As temáticas discutidas ao longo a intervenção foram agrupadas em eixos temáticos como: “identificação de situações de risco”; “acolhimento”; “atendimento/manejo”; “vigilância”; “seguimento dos casos de pessoas em situação de violência e suas famílias”; “condutas legais”. Após a estruturação do núcleo observou-se um aumento do número de notificações dos casos de violência, bem como a prioridade para discussões desses em reuniões de equipe, o que pode representar a sensibilização e apropriação dos profissionais de saúde para a importância do cuidado a pessoas em situação de violência no contexto da Atenção Básica.
Ainda que não intencional, o espaço do núcleo também teve a função de possibilitar aos próprios profissionais o reconhecimento de si enquanto sujeitos atravessados pelas violências cotidianas no interior de nossa cultura, o que contribuiu com o aumento da empatia e manejo em relação ao cuidado de pessoas em situações de violência.

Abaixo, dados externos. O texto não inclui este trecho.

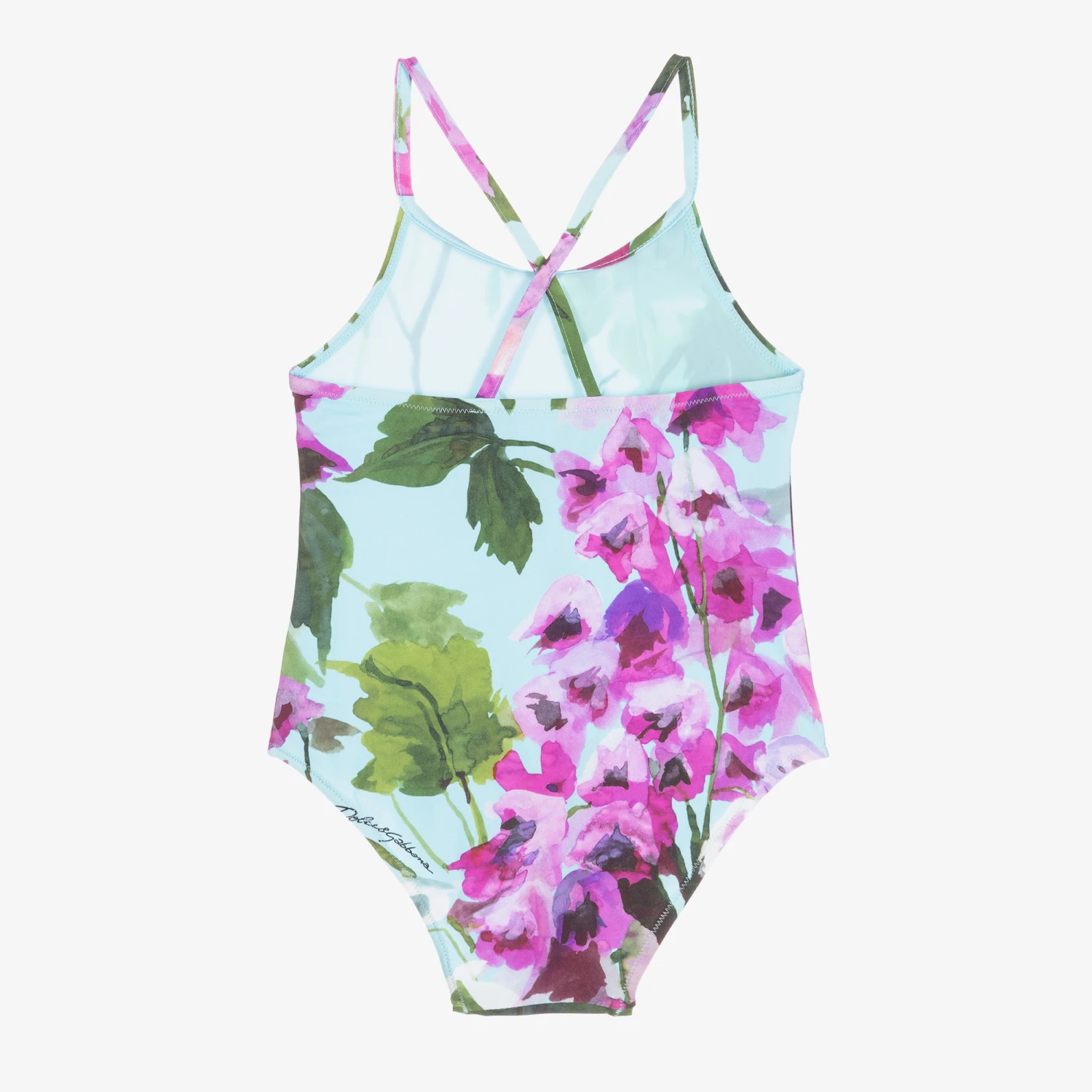 Baby girls blue bellflower swimsuit by luxury brand, Dolce & Gabbana. Silky and stretchy, the fabric has a pretty floral print and a DG gold logo badge stitched at the side. There are cross-over straps on the back.
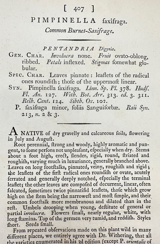 Antique Print - Sowerby - Pimpinella Faxifraga - Common Burnet-Saxifrage - F1
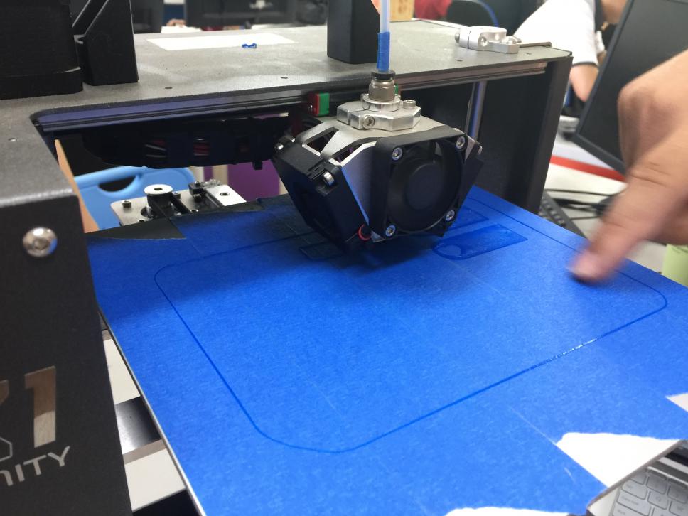 大家圍過來看著列印機列印情形
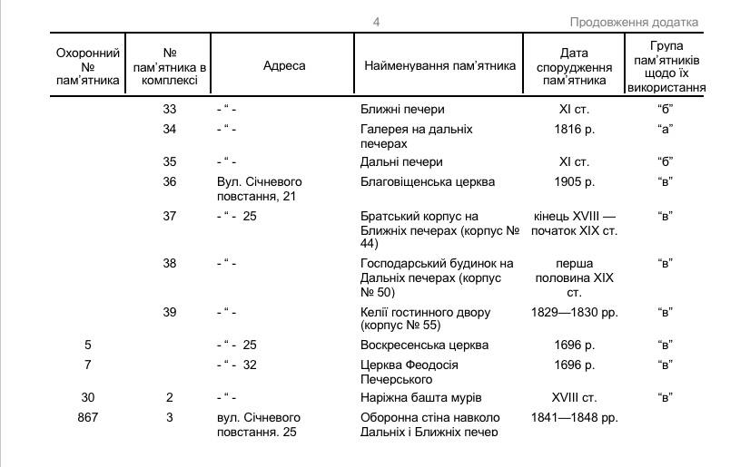 До переліку увійшли будівлі Лаври, келії, церкви, вежі, розташовані на вулиці Лаврська, 9-17, а також вежа на вулиці Теліги, 12.

Ressalta-se que o núcleo não operava como equipe especializada que atendia aos casos “encaminhados” pelos profissionais, mas produzia tensionamentos e contribuía com a construção de possíveis modos de cuidar desses sujeitos.
Iniciativas de educação permanente, como a do núcleo, possibilitam a formação e qualificação profissional “no” e “para o” SUS, uma vez que profissionais assumem o papel de articulador e multiplicador das ações a serem desencadeadas para o enfrentamento de situações de violência a que os sujeitos do território vivenciam articulando-as ao debate sobre as dinâmicas sociais que engendram as violências pautada por uma postura ética em detrimento de práticas moralizantes e provocando (re)significação das práticas em saúde para o enfrentamento de situações de violência.